BLAST, as described herein, is a program for sequence similarity
searching developed at NCBI for identifying genes and genetic
features that can execute sequence searches against the entire DNA
database. Additional software tools provided by NCBI include: Open
Reading Frame Finder (ORF Finder), Electronic PCR, and the sequence
submission tools, Sequin and BankIt. NCBI's various databases and
software tools are available from the WWW or by FTP or by e-mail
servers. Further information is available at
www|.|ncbi.nlm.nih.gov.
[0321] Some biological data available over the internet is data
that is generally viewed with a special browser "plug-in" or other
executable code. One example of such a system is CHIME, a browser
plug-in that allows an interactive virtual 3-dimensional display of
molecular structures, including biological molecular structures.
Further information regarding CHIME is available at
www|.|mdlchime.com/chime/.
[0322] A variety of companies and institutions provide online
systems for ordering biological compounds. Examples of such systems
can be found at www|.|genosys.com/oligo_custinfo.cfm or
www|.|genomictechnologies.com/Qbrowser2_FP.html. Typically, these
systems accept some descriptor of a desired biological compound
(such as an oligonucleotide, DNA strand, RNA strand, amino acid
sequence, etc.) and then the requested compound is manufactured and
is shipped to the customer in a liquid solution or other
appropriate form.
[0323] As the methods provides herein may be implemented on a
website as further described below, the computational results or
physical results involving polypeptides or polynucleotides produced
by some embodiments of the disclosure may be provided through the
internet in ways similar to the biological information and
compounds described above.
[0324] To further illustrate, the methods of this invention can be
implemented in a localized or distributed computing environment. In
a distributed environment, the methods may be implemented on a
single computer comprising multiple processors or on a multiplicity
of computers. The computers can be linked, e.g. through a common
bus, but more preferably the computer(s) are nodes on a network.

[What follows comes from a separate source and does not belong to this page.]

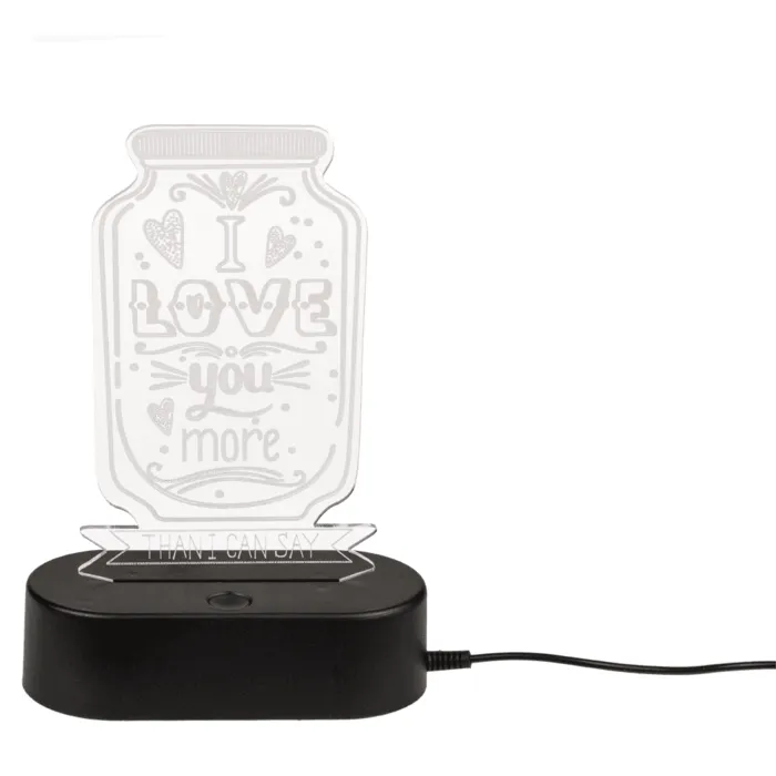 Die 3D-Leuchte “Love” ist ein wahrer Blickfang, der Ihrem Zuhause eine einzigartige Atmosphäre verleiht. Mit dem liebevollen Schriftzug „I love you more than I can say“ wird sie zu einem Symbol der Zuneigung und eignet sich perfekt, um Ihre Gefühle auf eine ganz besondere Weise auszudrücken. Ihr modernes Design und die leuchtende, dreidimensionale Schrift ziehen sofort die Blicke auf sich und schaffen eine warme, einladende Stimmung. Mit einer Größe von ca. 20 cm ist sie sowohl dezent als auch eindrucksvoll.

The network can be a generalized or a dedicated local or wide-area
network and, in certain preferred embodiments, the computers may be
components of an Intranet or an Internet.
[0325] In one internet embodiment, a client system typically
executes a Web browser and is coupled to a server computer
executing a Web server. The Web browser is typically a program such
as IBM's Web Explorer, Microsoft's Internet explorer, NetScape,
Opera, or Mosaic. The Web server is typically, but not necessarily,
a program such as IBM's HTTP Daemon or other www daemon (e.g.,
LINUX-based forms of the program). The client computer is
bi-directionally coupled with the server computer over a line or
via a wireless system. In turn, the server computer is
bi-directionally coupled with a website (server hosting the
website) providing access to software implementing the methods of
this invention.
[0326] As mentioned, a user of a client connected to the Intranet
or Internet may cause the client to request resources that are part
of the web site(s) hosting the application(s) providing an
implementation of the methods of this invention. Server program(s)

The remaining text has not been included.